One of the ways we collapse that distance most effectively, or rather, we collapse the illusion of our distance, is by sitting in silent meditation. We can do this simultaneously – why not agree a time with some friends? – and our rapid education in online contact also aids this shared practice. I’ll be offering more such opportunities in due course so please watch this space!

Zen Psalms

Norman Fischer is a Zen teacher of Jewish heritage who wrote a thoughtful and poetic version of 93 of the Psalms called Opening to You.

Image result for opening to you fischer

The ‘you’ of the title is his way of getting round the heavily freighted nouns that are often used to refer to God in scripture – all his psalms invoke God directly in the second person and thus have an intimate feel. I have a second-hand version in which Fischer wrote an inscription to the original owners. He wrote a quotation; ‘Your unsayable name is glorious’, a verse from one of his translations.

He wrote this collection after a visit to Thomas Merton’s old monastery of Gethsemani almost 20 years ago. In a monastery, one cannot escape the Psalms – they form the backbone of every monastic office – but their language can be strange to us. Sometimes angry, sometimes vengeful, sometimes intense, sometimes remorseful but often glorious, personal and richly coloured, these ancient songs will stand a great deal of re-imagining. Fischer’s versions are faithful to the text but just occasionally angle the meaning towards the insights that have come to him from years of seated zen meditation, insights that delve deep into the nature of consciousness as it manifests itself in the sitter and reveals the nature of all that is. Here is his version of Psalm 23, which feels very recognisable but has some lovely turns of phrase that introduce some less familiar thoughts:

You lead me to rest in the sweet grasses
To lie down by the quiet waters
And I am refreshed

You lead me down the right path
The path that unwinds in the pattern of your name

And even if I walk through the valley of the shadow of death
I will not fear
For you are with me
Comforting me with your rod and your staff
Showing me each step

You prepare a table for me
In the midst of my adversity
And moisten my head with oil

Surely my cup is overflowing
And goodness and kindness will follow me
All the days of my life
And in the long days beyond
I will always live within your house

I am struck by that phrase, ‘the path that unwinds in the pattern of your name’ in place of the more familiar ‘he leads me in right paths for his name’s sake’. For it is the unfolding pattern of our footsteps that reveals Truth to us – this life and not some other, imagined, idealised life that is our true teacher, manifesting our nature as eternal, made in the image and likeness of the Creator. There is great refreshment in choosing simply to walk the path that unwinds before us and not to crave some other. Even in adversity there is a table set for us.

Lent 4 Sermon

I’ve never been in the Apostolic Palace in the Vatican (though I remain open to invitations in due course) but I understand that part of the experience of visiting is to walk through a corridor that would once have been open to the outside world on one side – the loggias – and is decorated with some wonderful frescoes painted by Raphael’s team of willing accomplices. If you take your time in your saunter through these corridors, you can look around and up and see some marvels of renaissance art. At one point in that hypothetical saunter, you may look up and see four scenes from the life of David, the King of Israel whose exceptional gifts and exceedingly normal humanity stand as a pivotal moment in the development of religious faith that leads to where we are now as a Christian community founded on the witness of many generations of Jewish ancestors. In one of these scenes, David is being anointed by the prophet Samuel. We heard that story just a few minutes ago. He was not the obvious choice – not the tallest, not the oldest, not the natural heir, but something about him compelled the prophet to see in him the promise of reinvigorated life for the nation, the promise of a deepened faith and a renewed national identity. There was a depth and a potential in him that exceeded all superficial assessments. He is a handsome young man, but that’s not it. There’s something about the quality of his inward life that catches the eye. He has something that is not visible at first but is there for those who want to see it.
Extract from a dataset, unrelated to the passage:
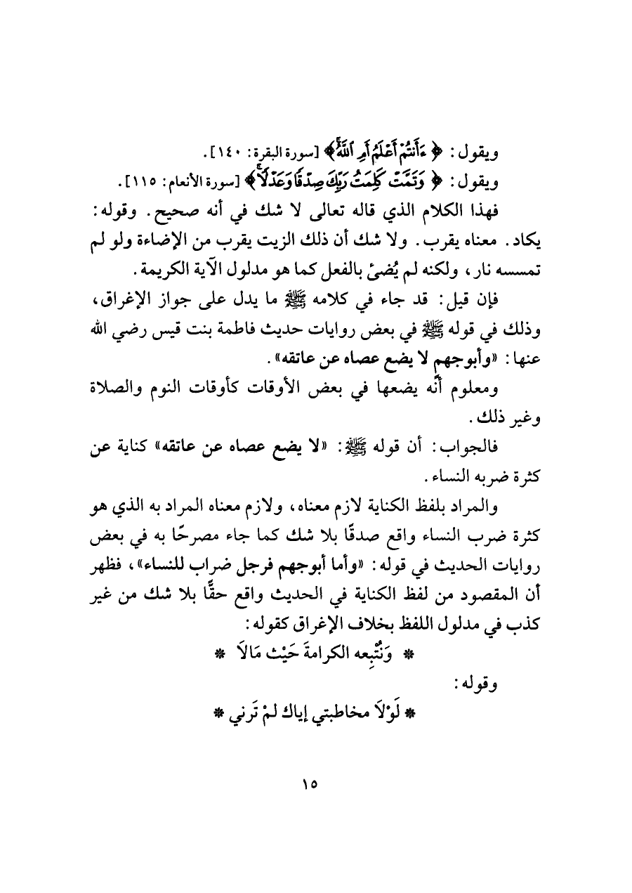 والمراد بلفظ الكناية لازم معناه، ولازم معناه المراد به الذي هو كثرة ضرب النساء واقع صدقًا بلا شك كما جاء مصرحًا به في بعض روايات الحديث في قوله: "وأما أبو جهم فرجل ضراب للنساء"، فظهر أن المقصود من لفظ الكناية في الحديث واقع حقًّا بلا شك من غير كذب في مدلول اللفظ بخلاف الإغراق كقوله:

In the fresco, he is turned inwards, not asserting his place as the brightest or best, but concerned with greater things. He does not look up with a confident assertion of his rightful place as the successor to a failing king, but looks inwards with the urgent desire of one whose sense of the world will find expression in songs that we still sing, psalms that speak of loss, anger, hope and faith. This, I think, is what the text means when it urges a concentration on the heart rather than on outward appearance. David, for all the human frailty that we will soon encounter in him, is one who understands that true value in life does not consist in success or prowess but in insight and awareness.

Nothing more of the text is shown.